February 4, 2002

Wrestlers Fall to No. 8 Penn

Print More

A weekend without upsets is usually a good thing for the 25th-ranked Cornell wrestling team. This weekend however, it meant a loss to No. 8 Penn and possibly an Ivy title.

In what stands as the most important dual meet for the Red year in and year out, Cornell fell to the rival Quakers 21-9 at the Palestra. Either Penn or Cornell has won or shared the Ivy wrestling title every year since 1987.

“No one was really able to pull off an upset,” said head coach Rob Koll. “Good teams find a way to win these matches, and this weekend we didn’t.”

The weekend started off better for the Red than it finished however, with a victory over the Tigers of Princeton. While Princeton is not often a challenge for Cornell, it made life difficult for a Cornell squad that might have been looking ahead to Penn the next day.

The match ended up 21-14, a little closer than expected, although Cornell wrestled without a number of its starters.

“Princeton was very frightening,” Koll mentioned with regards to the match. “We didn’t wrestle very well.”

Regardless, the team left New Jersey with a win, thanks to the work of junior Gabe Webster and sophomore Scott Roth. The grapplers’ convincing victories put Cornell up 13-7, a lead they would keep for good.

Cornell’s problem at Penn was an inability to garner the upsets. Junior co-captain Clint Wattenberg wrestled well enough to get a win, as did sophomore Matt Greenberg. Yet when Penn’s big guns came up, No. 11 Matt Feast, No. 8 Matt Lenhard, No. 10 Joe Henson, No. 9 Josh Henson and No. 2 Yoshi Nakamura, each delivered wins for the Quakers.

“We couldn’t upset anyone,” Koll said. “We needed something extra and we didn’t have it. Maybe it would have helped being at home.”

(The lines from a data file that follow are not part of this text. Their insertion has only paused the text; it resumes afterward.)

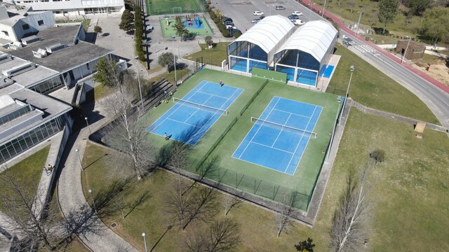 Inseridos numa zona ampla e envolvente, os campos beneficiam de proximidade a outras estruturas, como dois campos de padel, piscinas cobertas, um campo de futebol relvado, um pavilhão multiusos e um parque infantil, além de estacionamento acessível.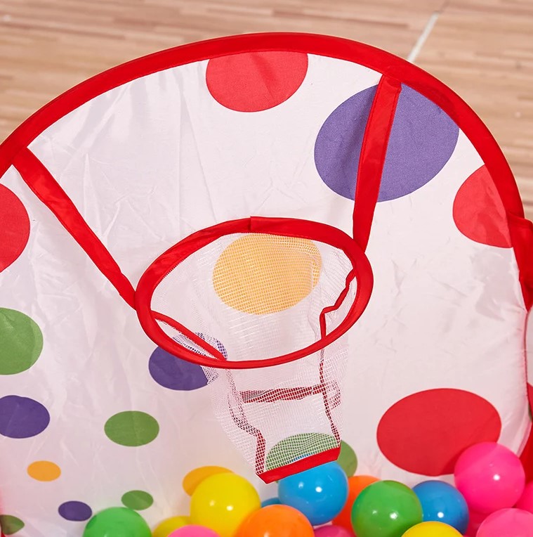 Transformă joaca de acasă într-o experiență distractivă și activă cu această piscină colorată cu bile și mini coș de baschet, ideală pentru copiii energici care adoră să se miște, să sară și să exploreze! Cu un design vesel cu buline, material textil ușor și sistem de pliere rapidă, această piscină este alegerea perfectă pentru orice cameră de joacă sau activitate în aer liber.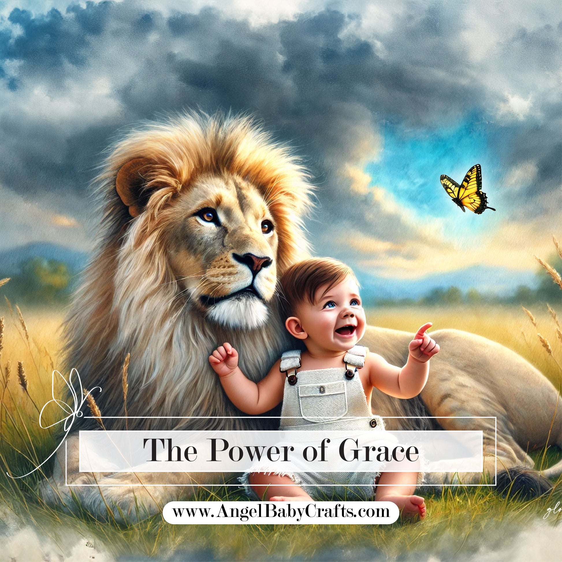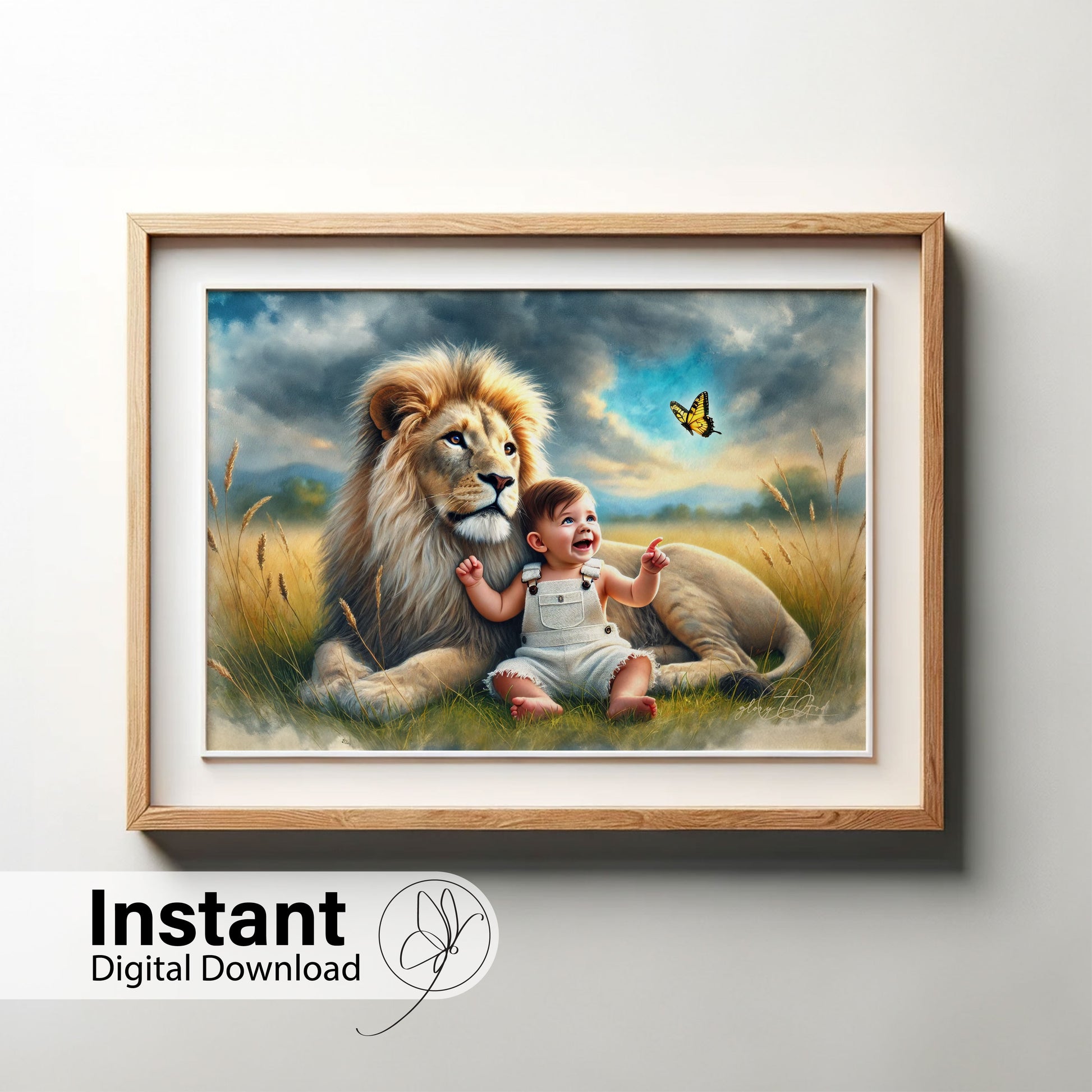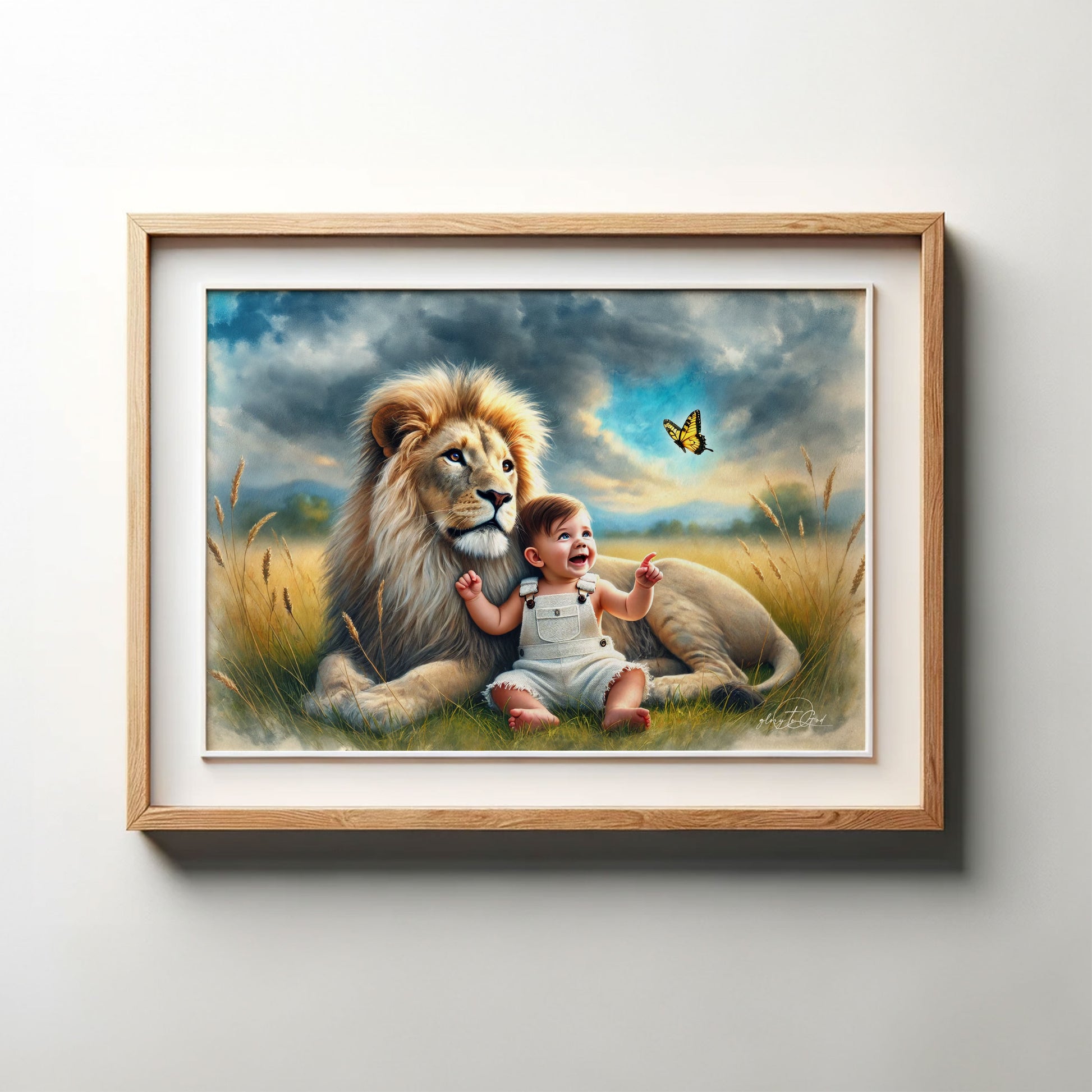 The baby smiles joyfully and points at a small yellow swallowtail butterfly (Representing Resurrection) flying by, while the lion looks calm and protective.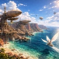 鮮やかなターコイズブルーの海と、直立する赤い断崖のコントラストが美しい湾岸風景である。崖に刻み込まれた巨大な立体港には、白い絹の翼を広げた「魔導飛行帆船」が数多く行き交う。大陸を吹き抜ける強風をエネルギーに変えるため、巨大な風力タービンが鎮座し、飛沫と魔力が混ざり合う。自由と飛翔の空気感に満ちた、開放的なパノラマである。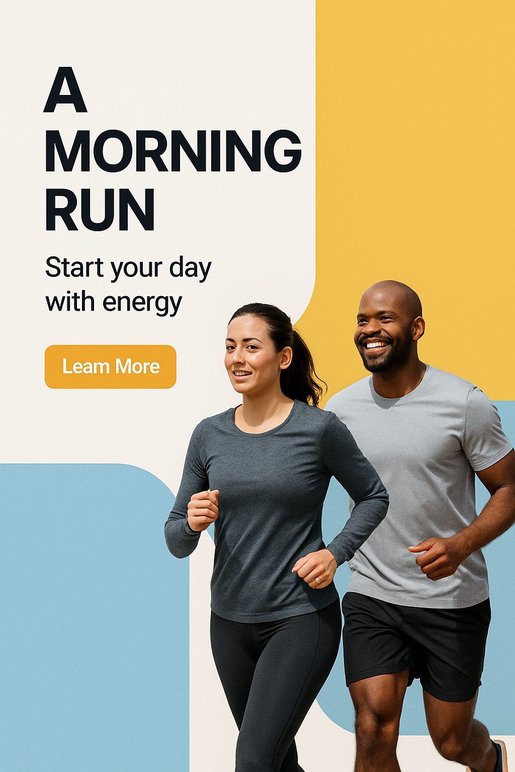 A vibrant image of a couple jogging together in the morning. The background features bright geometric shapes, enhancing the dynamic and fresh feel of the scene. Bold typography complements the energetic atmosphere.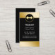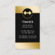 Personal trainer business cards with gold colored barbell with emblem and gold colored design elements. Customize the white background color or personalize the text to make this your own. Designed for personal training service, workout gym, or bodybuilding. The gold colored accents give your business card template a classy and elegant look for a best first impression.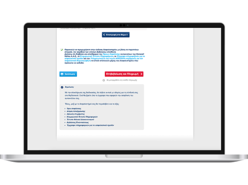 Μεταφέρεστε στη σελίδα πληρωμής. Μόλις ολοκληρώσετε την πληρωμή, λαμβάνετε email με οδηγίες και τα έντυπα του νέου ασφαλιστήριου συμβολαίου σας.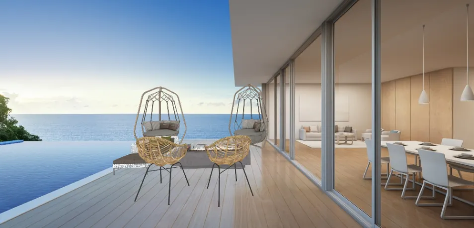 A quaint little hang out area by a fire pit. Conviently placed by the pool it is bound to be a hang out spot for the whole family.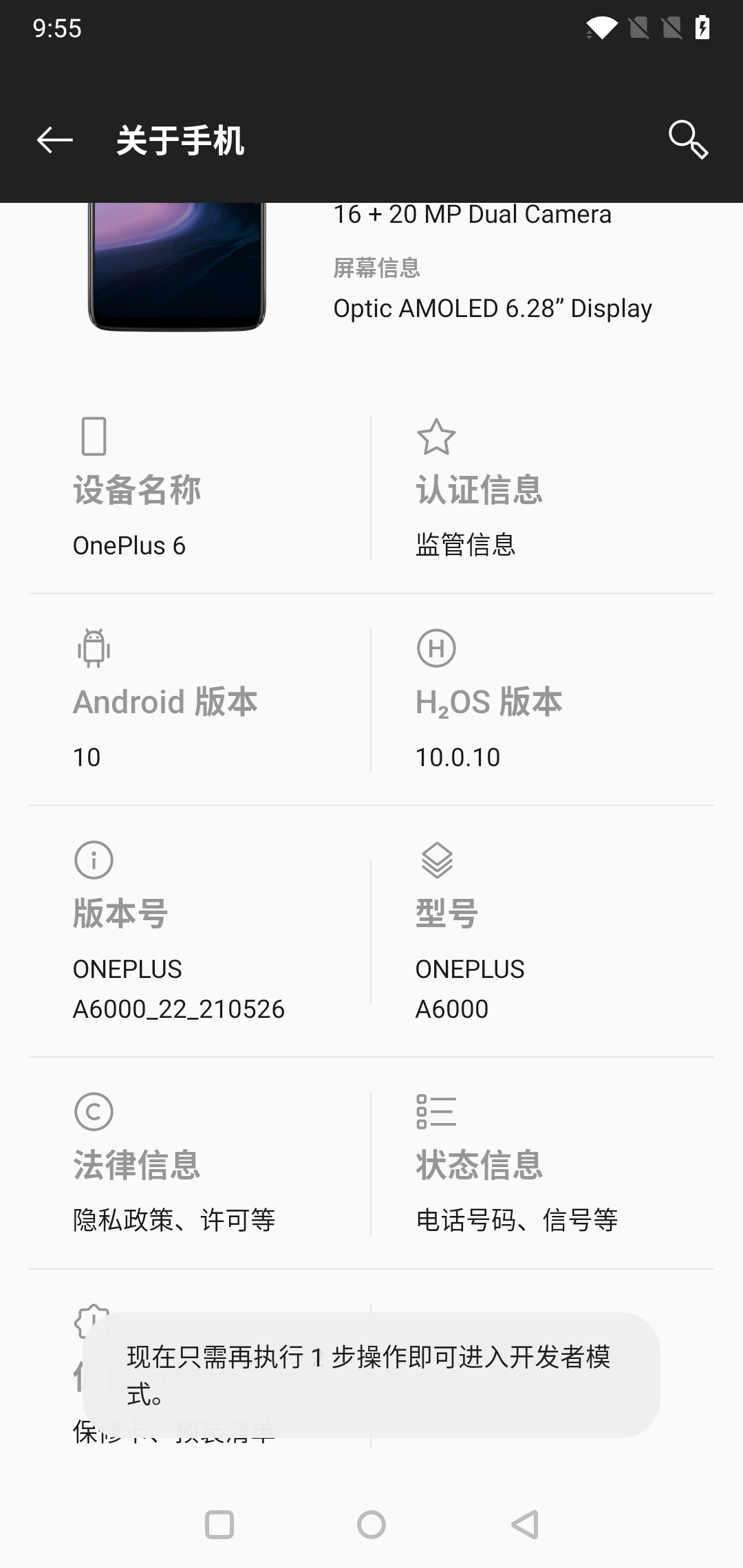 1.本教学使用一加6(8G+128G)手机在Hydrogen OS 10.0.10基础上进行操作,如系统版本低于安卓10请务必先跳至本文的第三部分的(3)4。如果在过程中因误操作或者其他原因,引起包括但不限于变砖死机等在内的问题,导致无法恢复至上一步,请直接跳至本文的第三部分。

However, it was Penn’s turn to be at home, and coming off a close 16-15 loss to the Red last year, the Quakers were obviously out for revenge.

At this point though, it will be the Red searching for revenge. With Easterns coming up soon, Cornell will be looking for redemption against the talented Quakers.

“We’re a young team, but we don’t have time to wait for these guys to mature,” Koll said. “We need to grow up quick.”

The squad will get its next chance to mature against in-state rival Columbia on Saturday at home.